Типичный ландшафт Южного Забайкалья.

 

Надо сказать, что эти объяснения меня не удовлетворили. Я прекрасно понимал, что нам достаточно сделать одну небольшую ошибку, – и весь, столь точно начерченный план окажется миражом. Я просил Лариона передать молодому буряту, что мы боимся заблудиться, что наши кони устали и мы просим его провести нас до начала той дороги, которая ведет на Ямаровку. Но бурят возражал. Он говорил, что через три дня будет молодая луна, что у него в дацане молодую луну будут встречать шествием в страшных масках, изгоняющих злых духов из человека, что он обязательно должен быть там и что он лучше еще раз повторит свой рассказ.

– Итак, слушайте, – говорил он, – вы спускаетесь с той горы, вот в эту падушку налево, там будет…

Но я не дал ему договорить – прервал его и просил Лариона уже более настойчиво сказать ему, что мы измучились, что мы не знаем здешних примет, что нам самим дороги не найти и что он должен ехать с нами. Ведь к вечеру он нас приведет к большой колесной дороге и мы сможем его отпустить.
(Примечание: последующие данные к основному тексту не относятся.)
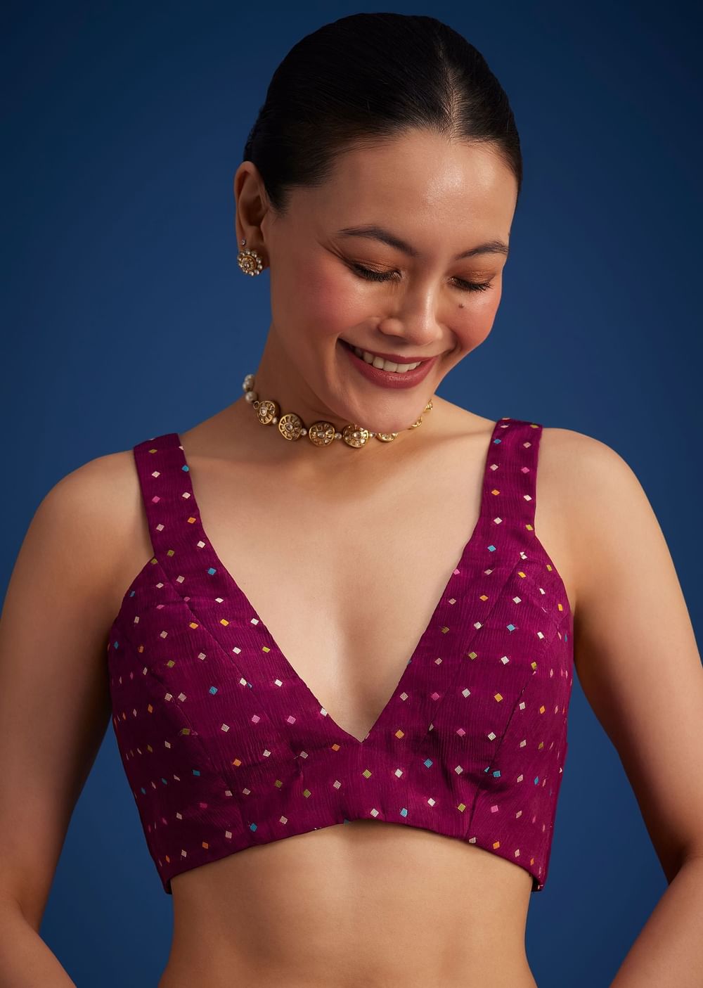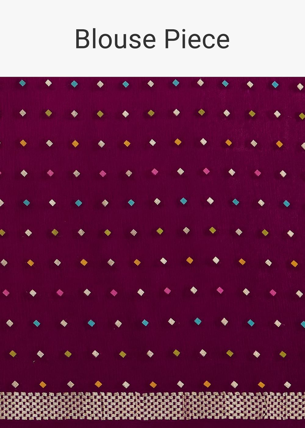 - Step into sophistication with this purple saree adorned with delicate leaf woven and contrasting linear patterns across the body.

Бурят не соглашался; он долго рассказывал казаку о тех торжествах первой осенней луны, которые ждут его в Гусиноозерском дацане. Он говорил о том, что не может потерять дня, и, вдруг оборвав разговор, круто повернул лошадь, рассчитывая быстро скрыться в чаще леса.

Заметив этот маневр, я потребовал, чтобы он остановился. Это не подействовало. Тогда я решился на шаг, который мне сейчас самому кажется совершенно непонятным. Я выхватил револьвер, из которого, сознаюсь, никогда в жизни не стрелял, навел его на бурята и сказал строгим голосом Лариону: «Передай ему, чтобы он немедленно остановился; он должен показать нам дорогу!»

Бурят замешкался, остановил лошадь и боязливо подъехал к нам.

И мы поехали вместе. Бурят впереди, косо, с недоверием озираясь на нас. За ним я с револьвером в руке, то опуская руку, то как‑то нелепо размахивая ею, как бы для устрашения каких‑то неведомых врагов.

За мной молча ехал Ларион. Мы переехали падушку, дошли до пенящегося ручья, остановились на перевале, на котором было большое «обо» с тряпочками на ветках, указывающее, что это место священно. Мы сделали привал, выпили чайку, бурят все время косо поглядывал на мой наган, который лежал около меня на траве.

Так прошел этот день; не знаю, как назвать его, – трагическим или комическим. Мы как будто весело разговаривали друг с другом, и бурят напевал веселые песни, которые переводил мне Ларион.

То он пел обо мне, большом русском чиновнике, который приехал на его землю, чтобы проводить в ней железные дороги и мешать пастись мирным стадам; он пел о борьбе с мангадхаями, у которых было не то 108, не то 1008 голов; и мне даже казалось, что иногда именно я был одним из этих мангадхаев, который мешает ему, будущему ламе, делать его священное дело. Он пел то заунывно, нараспев, в такт шага своей лошади, то вдруг громко выкрикивая какие‑то заклинания, очевидно, когда ему удавалось отрезать одну из голов страшного чудовища или победить его.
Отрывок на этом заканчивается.